I could not help laughing at Sasa's plan, especially when under my feet I began to hear more frenzied thumping and more feminine wails. Then I recollected there wasn't five feet of headroom below, and that the place, even with the hatches off, was hot enough to boil water in.

"They'll die down there, Sasa," I said.

"No fear," said Sasa. "Rosalie is half Samoa, and as for Silver Tongue—if he get roast like his own bread nobody care a banana."

"But, Sasa—" I protested.

"Now you go flirt with some my girls," she said, "and don't bother your old head about nothings!"

"But, my dear girl—" I protested.

"They'll do very nicely, thank you," said Sasa, interrupting me, "and if they're hungry, isn't there ham sandwich? And if they're thirsty, isn't there claret punch in a milk can? And as for lights—true lovers don't want no lights!""Well, Sasa," I said, "I dare say it's a bright idea, and that you deserve the greatest credit for arranging it all; but for the lord's sake, let me off the ship before you remove the hatches."

"Oh, no," said Sasa, "everybody stay and see the fun!"

Fun, indeed, I thought, as I heard a terrific pounding below, and an uproar that would have been creditable to a sinking liner. The deck shook with sledge-hammer blows, and a lot of glasses tumbled off one of our improvised tables. Then we heard what was obviously a revengeful wrecking of the whole ship's interior—the smashing of crockery and lamps, a tramping and a kicking and a throwing down of everything that was loose or could be wrenched off, together with a hollow, reverberatory boom of German profan—— No, I won't be unjust, and one really couldn't hear well. Sasa stamped on the deck with her little foot and cried out: "Be quiet, you silly baker!" But the silly baker only roused himself to a renewed ferocity, and, instead of calming down, went off again like twenty-five bunches of firecrackers under a barrel—and large firecrackers, too.

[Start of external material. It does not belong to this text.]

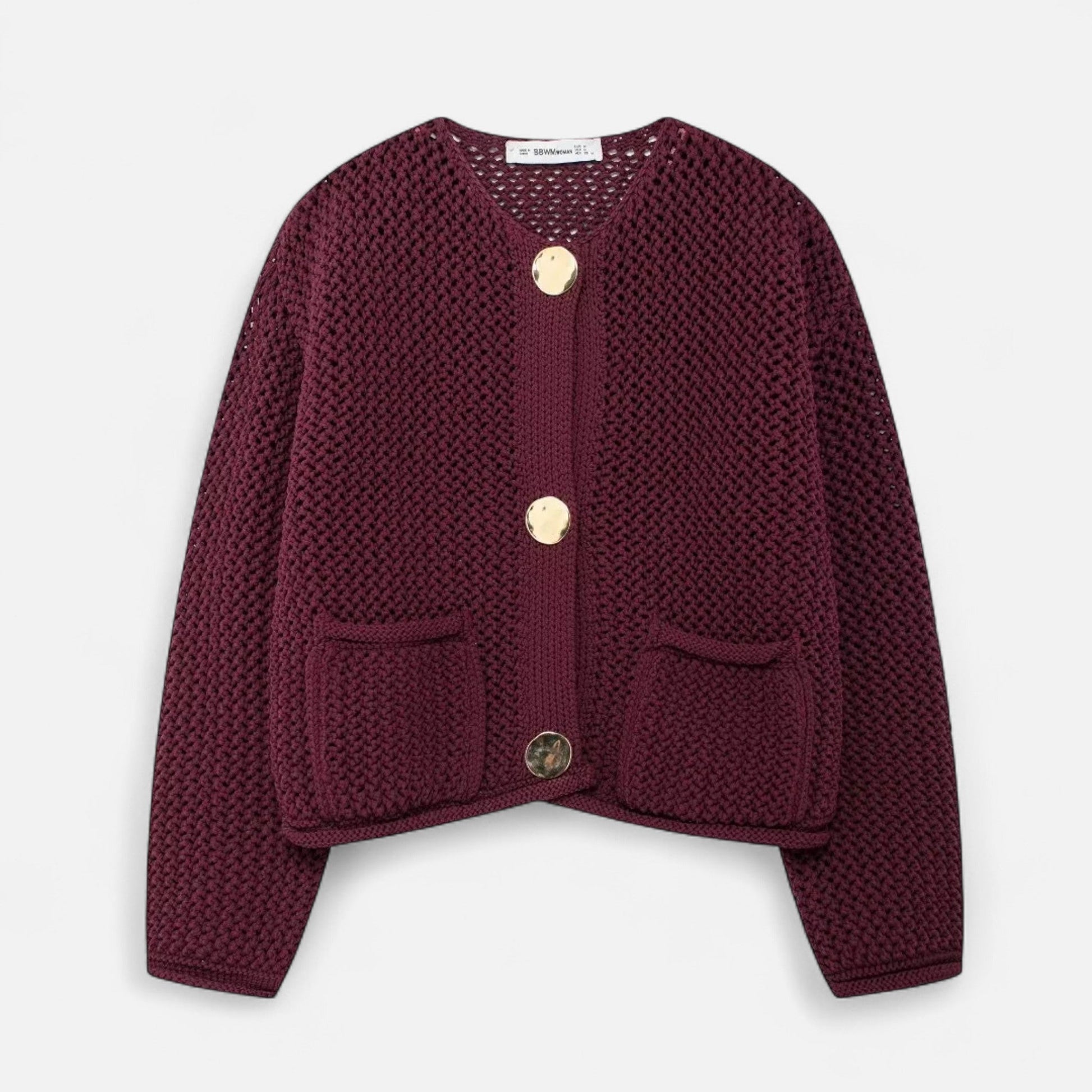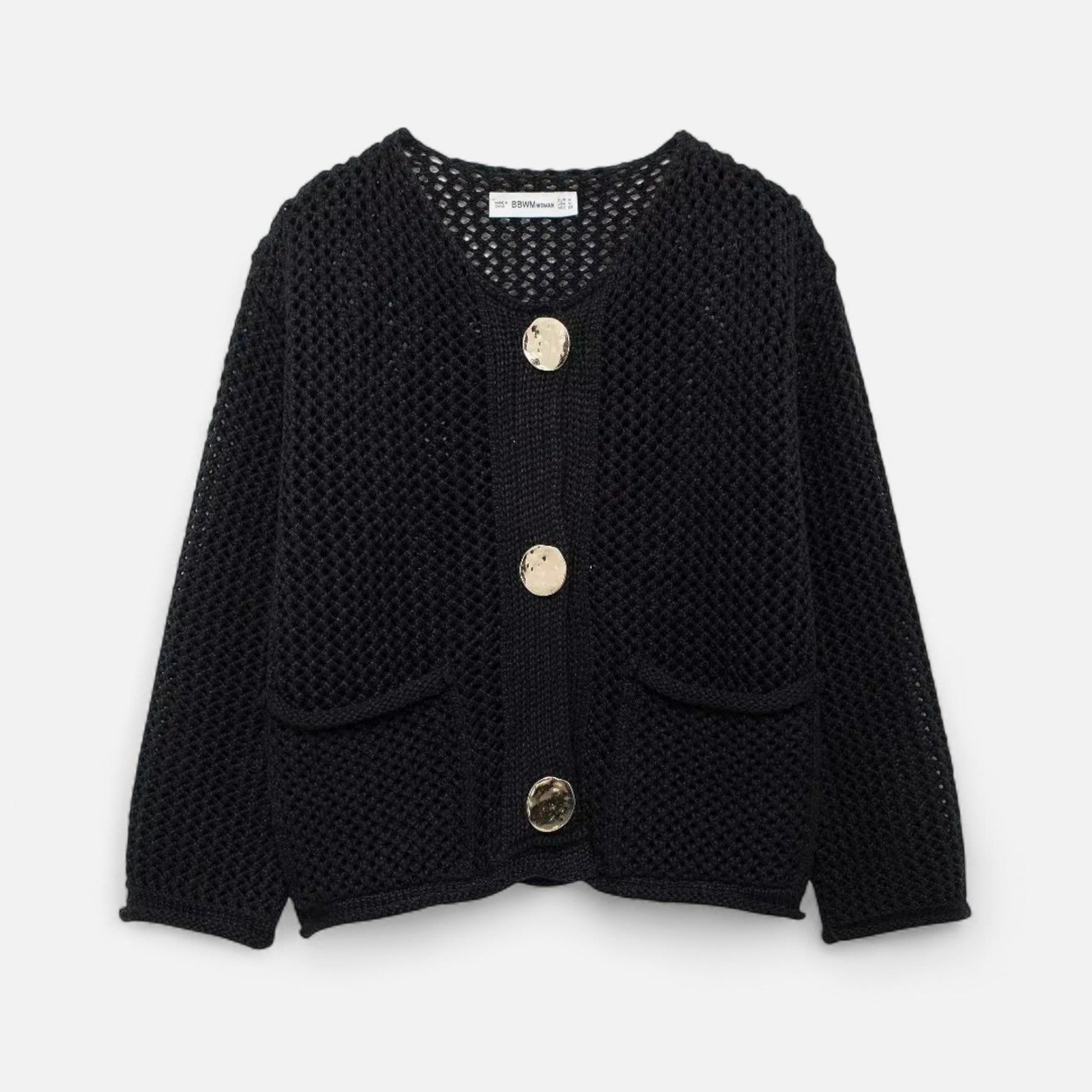 Designed for the woman who appreciates versatility and refined style, this knitted vest offers warmth and comfort while maintaining a sophisticated look. The soft and breathable material ensures a pleasant fit, making this cardigan a wardrobe essential for casual or more formal outfits.

Off and on he must have kept this up for more than an hour; then at length he subsided, finding, I suppose, that one German baker, however infuriated, was unable to make an impression on a three-inch deck. By the end of the second hour we had forgotten all about him, for heeling over in the pleasant breeze, and what with singing and telling stories and flirting in the moonlight we were all too happy and too busy to take thought of the stifling lovers below our feet. Occasionally I had a haunting sense of a day of reckoning, but I held my peace and forebore to disquiet my pretty hostess, who was the life and soul of the whole party aboard, and whose silvery laughter chimed in so sweetly with the tropic night and the rippling gurgle of water along our keel.

It was past three o'clock when we picked up the Mission light and ran back to our moorings off the Firm. Then the question arose as to who would uncage our love-birds and bear the first brunt of Silver Tongue's explosion. I confess I was very little eager for the job, and felt a peculiar sinking in the region of my watch pocket as we unlocked the after-hatch and rolled it softly back, Sasa, with a bull's-eye lantern penetrating the gloom with a dazzling circle of light. It fell on the figures of Rosalie and Silver Tongue seated on a settee and locked in each other's arms. Rosalie was asleep, with her graceful head lying on Silver Tongue's breast and her long lashes still wet with tears. The baker, his face crimson with heat and streaked with rivulets of perspiration, looked up at us grimly through a sort of mist. I waited for him to spring to his feet and throw himself like a lion on my shrinking form; but, instead of doing so, he pressed his arms closer round Rosalie and smiled—yes, by Jove, smiled—and, if you'll take the word of a retired master mariner, winked, with a peculiar, tender and calfish expression that in anybody else would have been called skittish.

"How goes it, old man?" I said.

"Gaptain," he returned in the tone of a clarionet tootling a love passage in grand opera, "me and Rosalie invites you all to the Bublic Hall Thursday night to dance at our wedding!"